Start of Data records
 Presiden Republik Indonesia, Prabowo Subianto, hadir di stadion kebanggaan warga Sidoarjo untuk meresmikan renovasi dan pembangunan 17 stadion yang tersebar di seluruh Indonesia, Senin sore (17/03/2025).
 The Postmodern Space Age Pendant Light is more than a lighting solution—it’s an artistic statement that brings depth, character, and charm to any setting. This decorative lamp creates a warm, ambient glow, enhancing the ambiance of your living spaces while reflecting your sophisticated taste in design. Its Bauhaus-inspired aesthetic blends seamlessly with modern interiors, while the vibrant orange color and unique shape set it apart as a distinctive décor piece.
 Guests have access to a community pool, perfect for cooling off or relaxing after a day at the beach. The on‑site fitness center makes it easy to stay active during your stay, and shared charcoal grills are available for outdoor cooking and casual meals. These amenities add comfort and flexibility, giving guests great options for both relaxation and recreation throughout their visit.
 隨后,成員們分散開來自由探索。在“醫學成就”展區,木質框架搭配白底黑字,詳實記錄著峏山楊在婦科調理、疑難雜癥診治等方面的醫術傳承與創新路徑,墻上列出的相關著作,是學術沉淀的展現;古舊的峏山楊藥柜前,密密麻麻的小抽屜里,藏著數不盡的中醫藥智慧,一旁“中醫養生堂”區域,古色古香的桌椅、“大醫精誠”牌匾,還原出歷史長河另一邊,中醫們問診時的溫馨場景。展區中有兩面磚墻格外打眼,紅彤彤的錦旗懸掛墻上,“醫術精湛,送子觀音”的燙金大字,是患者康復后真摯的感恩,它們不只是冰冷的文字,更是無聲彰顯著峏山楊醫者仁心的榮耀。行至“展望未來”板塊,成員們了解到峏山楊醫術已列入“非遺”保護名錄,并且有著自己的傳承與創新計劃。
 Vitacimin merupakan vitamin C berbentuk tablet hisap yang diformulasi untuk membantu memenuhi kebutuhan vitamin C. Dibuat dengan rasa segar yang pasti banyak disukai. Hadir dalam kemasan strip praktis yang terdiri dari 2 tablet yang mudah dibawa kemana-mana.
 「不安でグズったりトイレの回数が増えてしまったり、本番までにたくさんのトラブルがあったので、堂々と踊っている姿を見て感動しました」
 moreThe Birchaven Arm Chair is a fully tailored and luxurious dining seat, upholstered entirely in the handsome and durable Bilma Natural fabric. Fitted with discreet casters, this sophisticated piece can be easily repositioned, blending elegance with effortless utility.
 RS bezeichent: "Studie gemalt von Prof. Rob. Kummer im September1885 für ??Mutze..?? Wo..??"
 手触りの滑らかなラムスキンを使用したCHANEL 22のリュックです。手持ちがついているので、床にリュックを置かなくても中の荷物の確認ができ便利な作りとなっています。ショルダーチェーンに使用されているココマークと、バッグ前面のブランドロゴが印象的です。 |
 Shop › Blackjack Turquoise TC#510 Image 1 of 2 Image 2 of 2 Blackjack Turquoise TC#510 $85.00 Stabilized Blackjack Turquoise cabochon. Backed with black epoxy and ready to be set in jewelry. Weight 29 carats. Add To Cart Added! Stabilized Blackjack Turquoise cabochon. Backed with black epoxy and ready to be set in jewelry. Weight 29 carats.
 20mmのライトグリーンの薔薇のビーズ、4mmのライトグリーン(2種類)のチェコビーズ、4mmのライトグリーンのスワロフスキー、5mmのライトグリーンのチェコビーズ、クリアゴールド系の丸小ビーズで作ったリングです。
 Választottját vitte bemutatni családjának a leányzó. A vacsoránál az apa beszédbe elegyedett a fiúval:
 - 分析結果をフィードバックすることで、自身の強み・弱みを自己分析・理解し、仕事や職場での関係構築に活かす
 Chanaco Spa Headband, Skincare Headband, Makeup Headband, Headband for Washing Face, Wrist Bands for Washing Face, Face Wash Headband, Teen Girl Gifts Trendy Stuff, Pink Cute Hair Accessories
End of Data records
● **What is needed**: Every line above holding the string "yang" should be listed.

● **Worked solution**:
 Presiden Republik Indonesia, Prabowo Subianto, hadir di stadion kebanggaan warga Sidoarjo untuk meresmikan renovasi dan pembangunan 17 stadion yang tersebar di seluruh Indonesia, Senin sore (17/03/2025).
 Vitacimin merupakan vitamin C berbentuk tablet hisap yang diformulasi untuk membantu memenuhi kebutuhan vitamin C. Dibuat dengan rasa segar yang pasti banyak disukai. Hadir dalam kemasan strip praktis yang terdiri dari 2 tablet yang mudah dibawa kemana-mana.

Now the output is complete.